We don't know when or why the giants became humanoid in their representation. The Blue Moon of Annilla doesn't appear very humanlike but as a ball of matter. (And was used as such by the younger deities...)

Giants feature as defunct Elder Deities (of no specified otherworld) in what was Genert's Garden.

Perhaps we could determine the proper otherworld if we knew how Genert's Garden became spirit territory (not implying that it was anything else at any time) in what is supposed to be theist north.

The Larnste myth has that Celestial Court (nowadays Gloranthan Court) great deity as a giant. One sowing the Rockwood Mountains, the eastern half of which is known to consist of many giant peaks.

> For a long while, this was my own personal preference: Giants
> are divine entities.

In the range of their powers: absolutely yes.

> Some are now known as gods. Others are not.

Annilla appears to be divine. IMO she's _not_ a form of Sedenya, although the two of them share manifestations (to wit: the blue moon that gets shot down near where Umath went down, too). She may well be a defiant entity, or have an otherworld of her own.

> Dragons were the original inhabitants of the mystic otherworld.
> They lost the war with the giants, who claimed their otherworld
> as the spoils.

Did the dragons lose? The Annilla cult puts her on the losing side. Of course, this doesn't necessarily mean that the dragons won.

> The mundane world is what is left of the mystic otherworld, which
> is why they have no place to go. That remnant otherworld is also
> the source of common magic.

IMG each dragon is its own Otherworld. Not sure how the EWF revelations for Mongoos RQ or "Between the Dragon and the Sea" will turn out, but I always read the EWF faction info in KoS that some human groups like the "Here and Now Dragons" managed to transform their portions of the EWF into a collective draconic entity that participated in the Dragonkill as dragons. These dragons could be heroquested _in_.

> I really doubt, though, that this has anything to do with
> official Glorantha. As you point out, Orlanth has a draconic
> self, which he could not have under my theory.

Why not? The dragons could enter (or, in their own myths, dream up) the mundane world of Glorantha. Why shouldn't they be able to enter other worlds?

> So, my actual working hypthesis about giants is that "giant" is
>actually an amalgam for different entities, which term carried over
>long after the differences became apparent. I think "giant" is akin
>to a form rune. Gods, spirits, and such could take the giant form.
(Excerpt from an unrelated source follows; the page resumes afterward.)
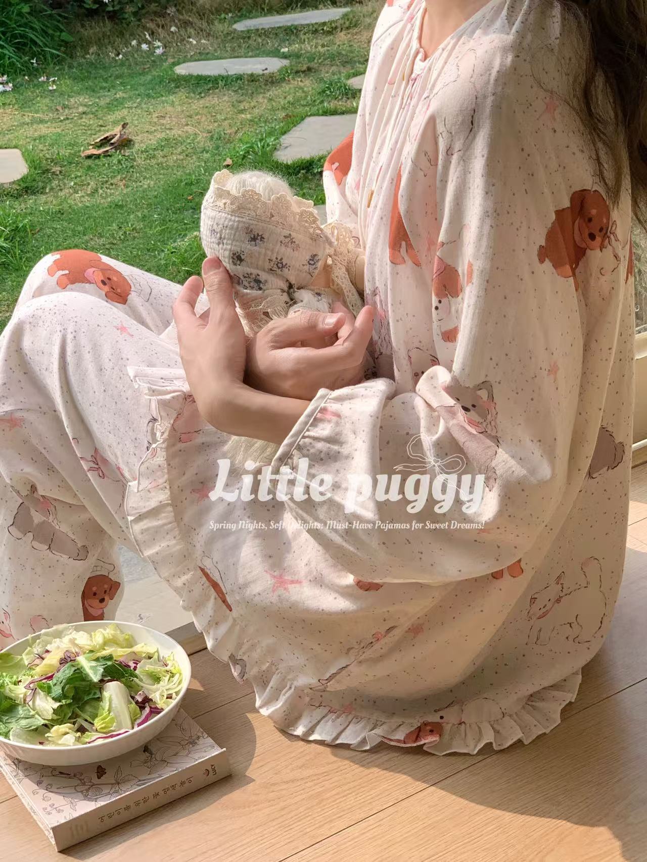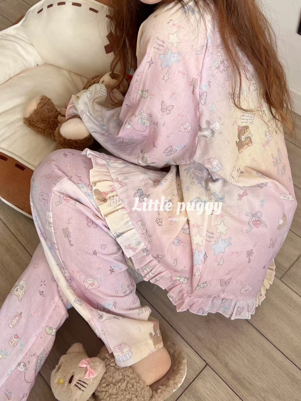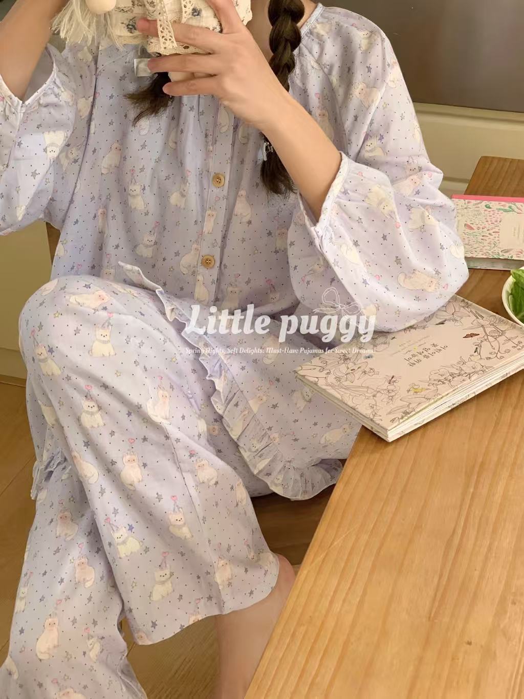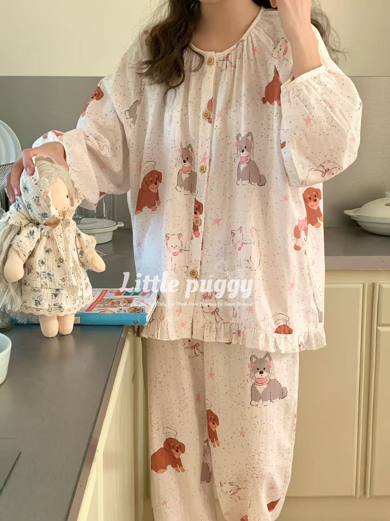 작은 puggy25 봄/여름 한국 스타일 더블 거즈 부드러운 고양이 잠옷

Primeval ones, at least. Like Larnste, Genert.

>So, just like you can meet people with a soul or a spirit, you can
>meet theist or animist giants. Some of them are effectively
>demi-gods; others are effectively grand spirits; I suppose others
>might be saints-like.

Somehow I see a hypothetical sorcery-world giant more like the Mostali "Vibrant Stone", i.e. manipulating matter, than Malkioni manipulation of energy and thought. Giants are a physical lot, not intellectuals.

>More speculatively, the parallel to dragons
>would be that dragons also are a form rune.

Or maybe a multiform rune? Dragons are mountain chains and huge firebreathing winged lizards. Elder Giants are big mountain peaks and huge humanoids. They don't "change" from being one state to the other.

>The war between the
>giantd and dragons thus becomes something of a struggle between
>form runes way back when the more primal runes were attempting to
>express themselves. (Of course, that's the monomyth version of the
>story.) If you like that thought, then the further one is that the
>man rune descends from the giant rune, just like the beast rune
>descends from the dragon rune.

>Pushing it even further, there
>could be a great tree - plant analog. Even further: Mostali -
>mineral.

I'd rather put this into the Grower/Maker territory. Both dragons and elder giants defy that duality. IMO they are even more unformed creation than those two (and Taker, for the trolls and other underworld denizens, as third member of it).